Benedict’s Struggles toward Early Maturity:
The Unanimously Poisoned Chalice
Like most subjects of medieval hagiographies, Benedict was a born saint. “From his earliest years he had the heart of an old man. Precocious in his way of life beyond his age, he did not give himself up to sensual pleasure.” However, in spite of his precocity, there are indications that Benedict had to grow into a mature sanctity. Maybe Benedict “did not give himself up to sensual pleasure,” but one day he was so severely haunted by the memory of a woman that he rolled himself in a bed of nettles to cure himself of his lustful thoughts; a rather adolescent way of dealing with this problem. There is much more to sanctity, of course, then overcoming sexual temptations, and it is these other temptations and struggles that get all the rest of the attention in The Dialogues. Not least among the temptations are problems with what René Girard calls mimetic rivalry.

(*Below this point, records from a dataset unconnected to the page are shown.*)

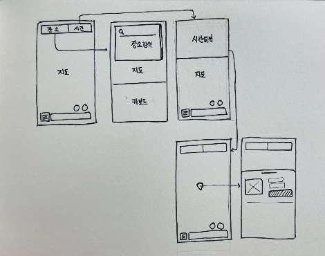 아래 [그림2]에서 문제 지점은 랜딩페이지에서 '검색 창 - 시간설정 - 차량선택'과 '맵 마커 간 결과 조회'입니다. 개선작업이 진행될 부분은 [랜딩페이지] [검색창] [추천 검색어] [시간설정]입니다.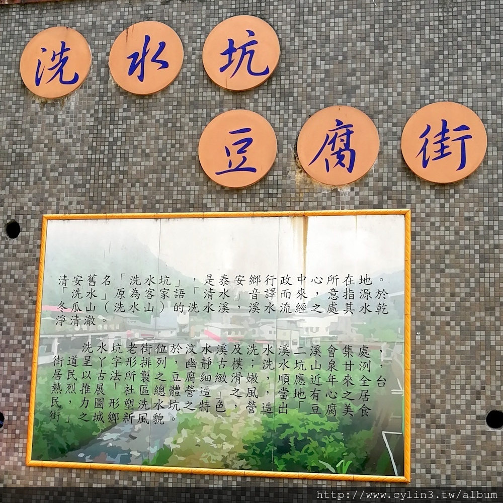 離開土牧驛健康農莊後,我們至泰安旅遊小有名氣的「洗水坑豆腐街」(清安豆腐老街)逛逛與覓食(鄰近泰安鄉公所),老街有泰雅文化與客家文化結合的感覺,有販售原住民麻糬美食、愛玉、仙草飲品,還有客家的粿、黑糖糕、料理美食…等,尤其豆腐、豆花頗負盛名。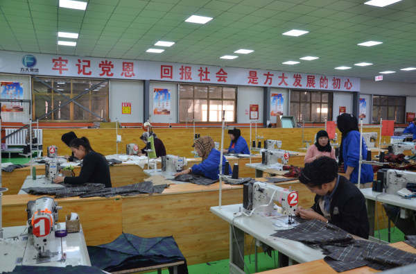 方大九鋼東鄉產業扶貧點——服飾項目車間內,就業群眾正在有序工作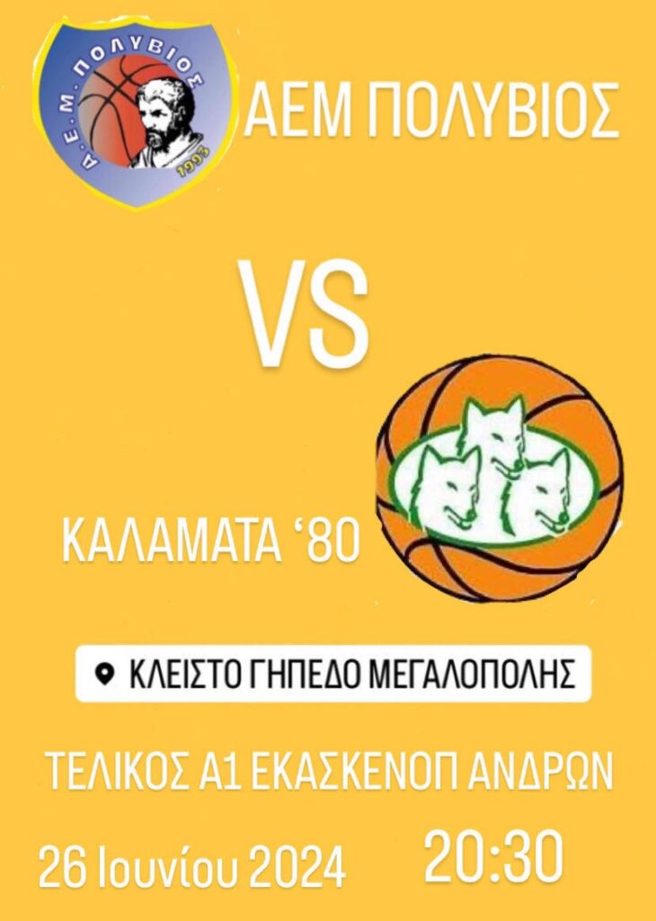 Πολύβιος – Καλαμάτα80 την Τετάρτη 26 Ιουνίου στο κλειστό Μεγαλόπολης

Being a son in a free-man’s family, Benedict was sent to Rome to study the liberal arts, but when he saw “that many of the other students there had fallen into vice,” he left to live a holy life as a monk. Perhaps the vices that so horrified Benedict included sensual disorder, but Gregory points to deeper matters when he says that Benedict feared that “worldly knowledge…would suck him down entirely into its bottomless whirlpool.” Here, Gregory has given us a powerful image of the mimetic process which, in an academic setting, could tempt Benedict to imitate his fellow students in competitiveness as well as sensual indulgence. Wishing to follow the contrary desire to “please God alone,” Benedict fled to a place called Effide with his nurse. This flight made Benedict “learnedly ignorant and wisely unskilled.” Perhaps Gregory is being anti-intellectual here. After all, resentment of the intellectually skilled is a serious mimetic trap. But this phrase does point to the truth that education and skill are learned from lived experience and are not limited to academic circles.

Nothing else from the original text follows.